- Task details -
Show each line of the data below that has the string "projet" in it.

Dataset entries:
===

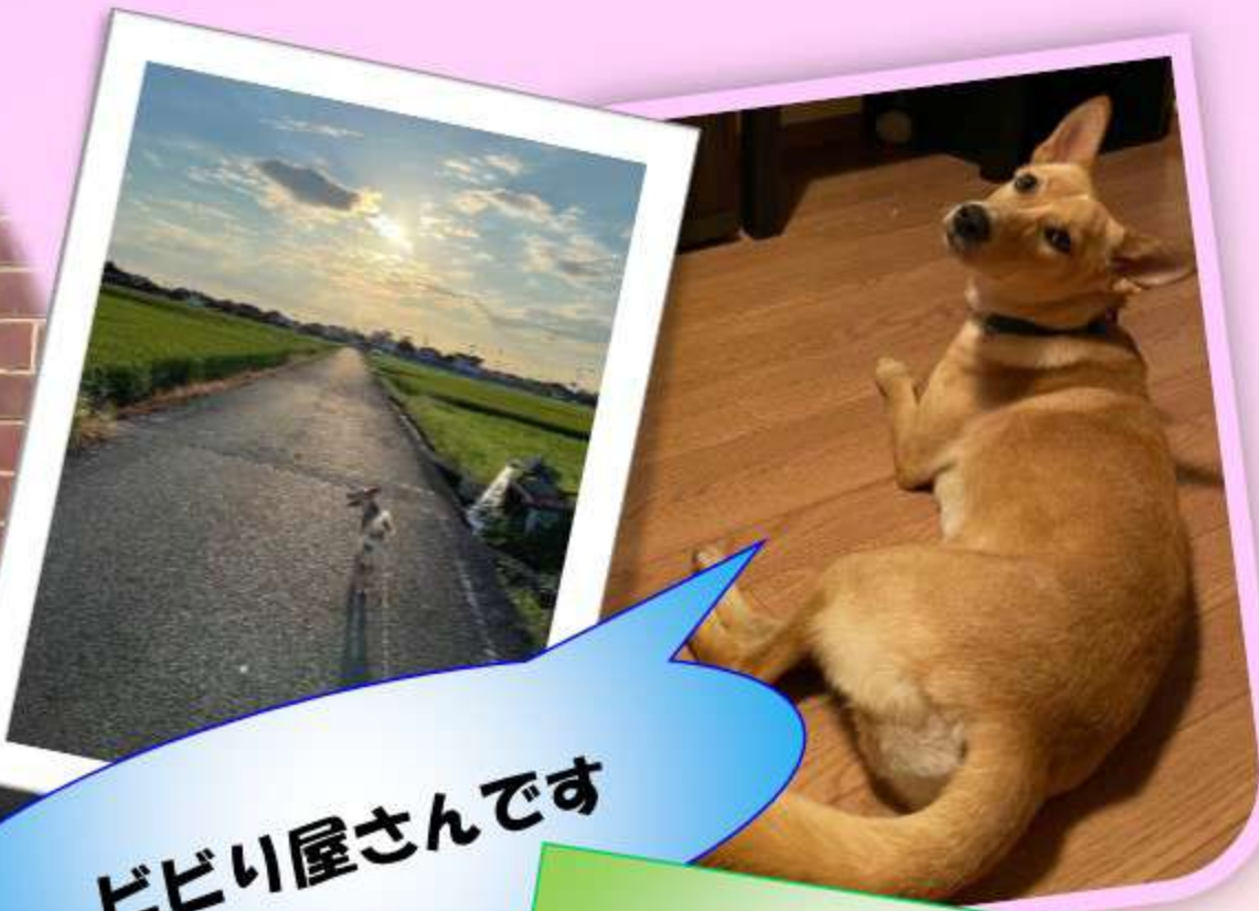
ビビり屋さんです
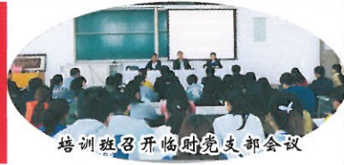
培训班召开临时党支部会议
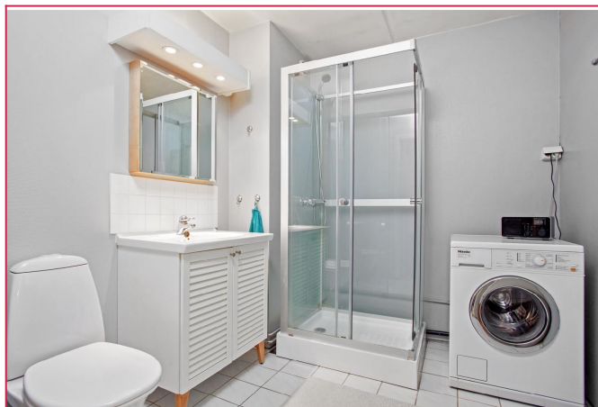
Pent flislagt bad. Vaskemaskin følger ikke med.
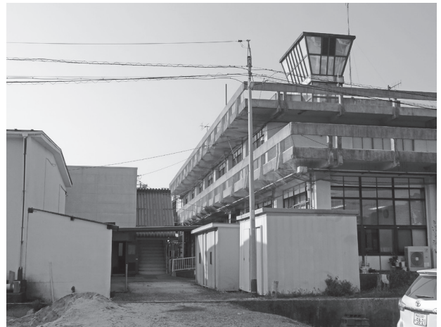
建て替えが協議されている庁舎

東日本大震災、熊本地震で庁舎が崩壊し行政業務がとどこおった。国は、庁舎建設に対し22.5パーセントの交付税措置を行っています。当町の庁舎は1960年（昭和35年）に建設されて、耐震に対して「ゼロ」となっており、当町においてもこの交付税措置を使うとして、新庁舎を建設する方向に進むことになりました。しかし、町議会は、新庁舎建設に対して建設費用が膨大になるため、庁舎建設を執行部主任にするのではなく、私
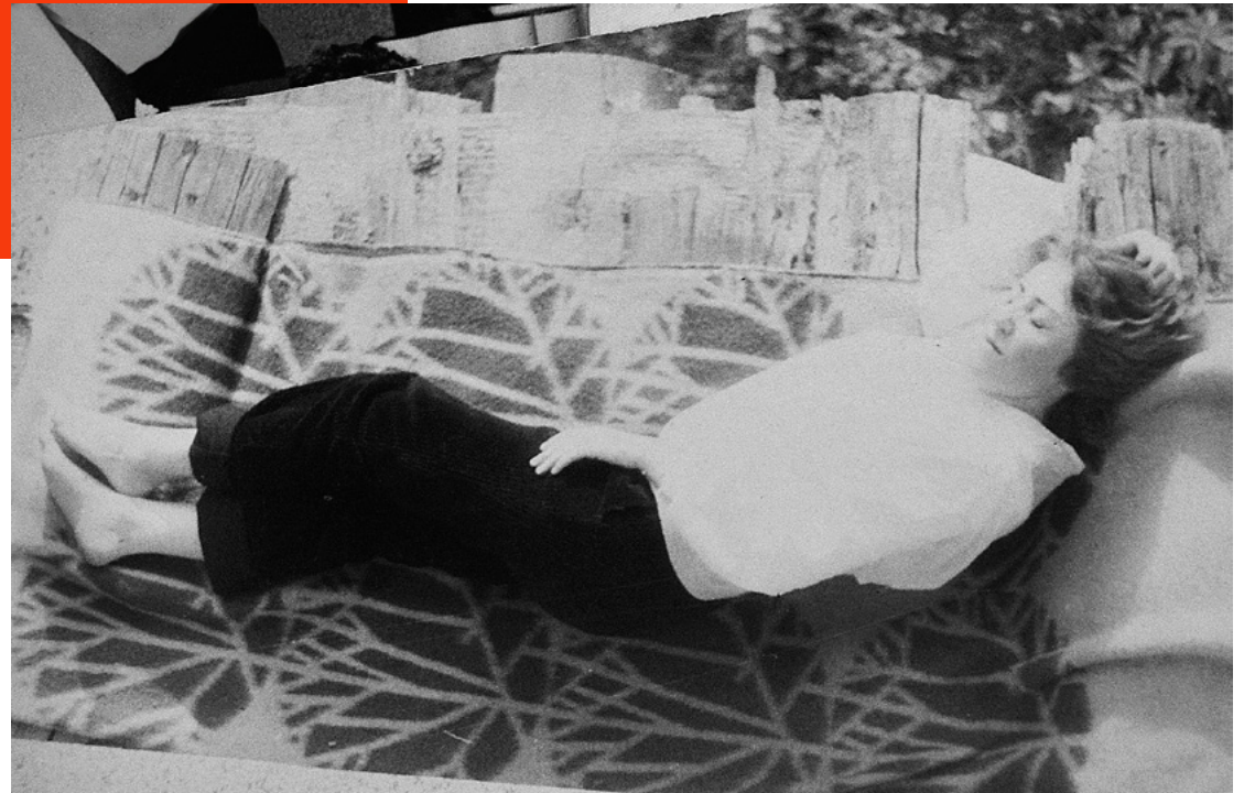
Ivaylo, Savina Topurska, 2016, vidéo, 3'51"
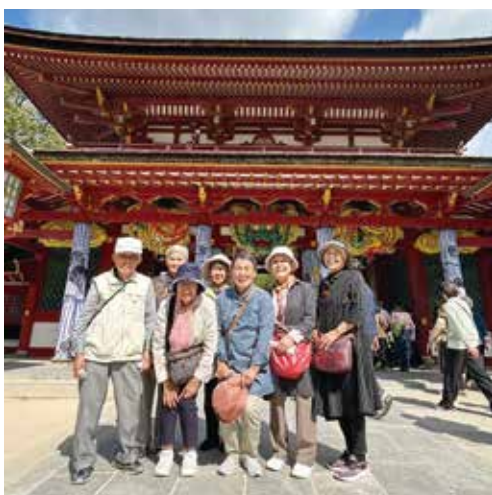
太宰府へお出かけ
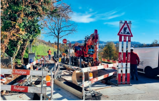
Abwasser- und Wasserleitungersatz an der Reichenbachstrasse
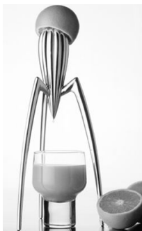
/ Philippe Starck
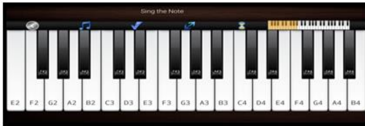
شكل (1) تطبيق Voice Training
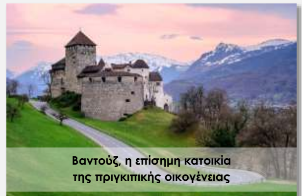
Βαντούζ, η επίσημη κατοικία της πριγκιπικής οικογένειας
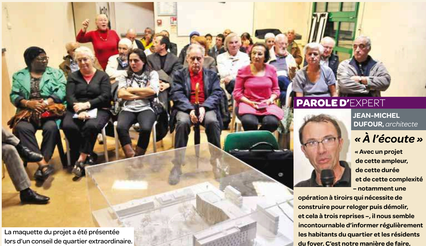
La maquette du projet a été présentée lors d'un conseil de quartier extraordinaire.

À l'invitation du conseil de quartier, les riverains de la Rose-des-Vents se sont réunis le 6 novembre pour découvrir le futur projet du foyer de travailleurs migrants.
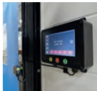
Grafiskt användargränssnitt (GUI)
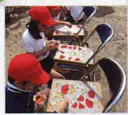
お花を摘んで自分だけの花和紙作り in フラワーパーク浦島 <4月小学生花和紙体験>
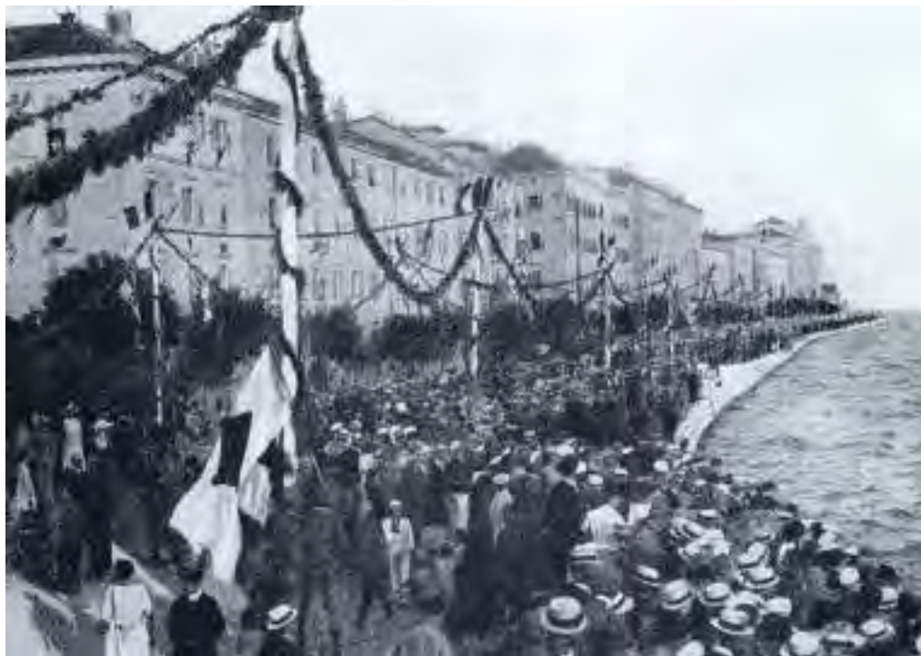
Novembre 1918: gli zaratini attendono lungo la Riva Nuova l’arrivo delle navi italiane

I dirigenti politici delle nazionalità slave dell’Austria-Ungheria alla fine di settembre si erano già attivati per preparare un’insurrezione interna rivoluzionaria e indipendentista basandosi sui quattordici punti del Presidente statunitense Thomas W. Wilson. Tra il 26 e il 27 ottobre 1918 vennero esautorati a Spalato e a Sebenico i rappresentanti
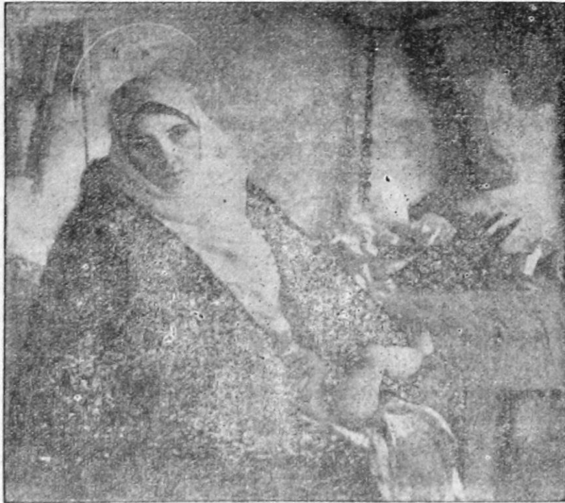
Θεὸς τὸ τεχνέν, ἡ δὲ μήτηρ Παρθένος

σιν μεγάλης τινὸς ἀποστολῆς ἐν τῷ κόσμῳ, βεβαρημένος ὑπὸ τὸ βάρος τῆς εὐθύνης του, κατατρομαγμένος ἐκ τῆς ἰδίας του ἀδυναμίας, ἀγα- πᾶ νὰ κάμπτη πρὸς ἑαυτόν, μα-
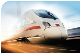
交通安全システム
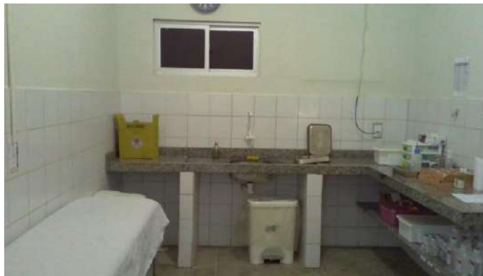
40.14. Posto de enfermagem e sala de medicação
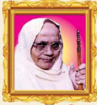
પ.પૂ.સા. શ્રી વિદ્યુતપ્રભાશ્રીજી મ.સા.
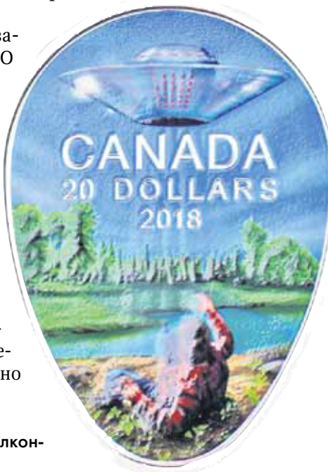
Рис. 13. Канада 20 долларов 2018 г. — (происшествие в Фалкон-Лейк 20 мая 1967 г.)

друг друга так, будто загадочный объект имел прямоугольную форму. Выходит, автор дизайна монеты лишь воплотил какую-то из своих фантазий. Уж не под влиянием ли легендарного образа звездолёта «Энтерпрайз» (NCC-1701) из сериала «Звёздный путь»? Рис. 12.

===

- Problem solution -
La maquette du projet a été présentée lors d'un conseil de quartier extraordinaire.
À l'invitation du conseil de quartier, les riverains de la Rose-des-Vents se sont réunis le 6 novembre pour découvrir le futur projet du foyer de travailleurs migrants.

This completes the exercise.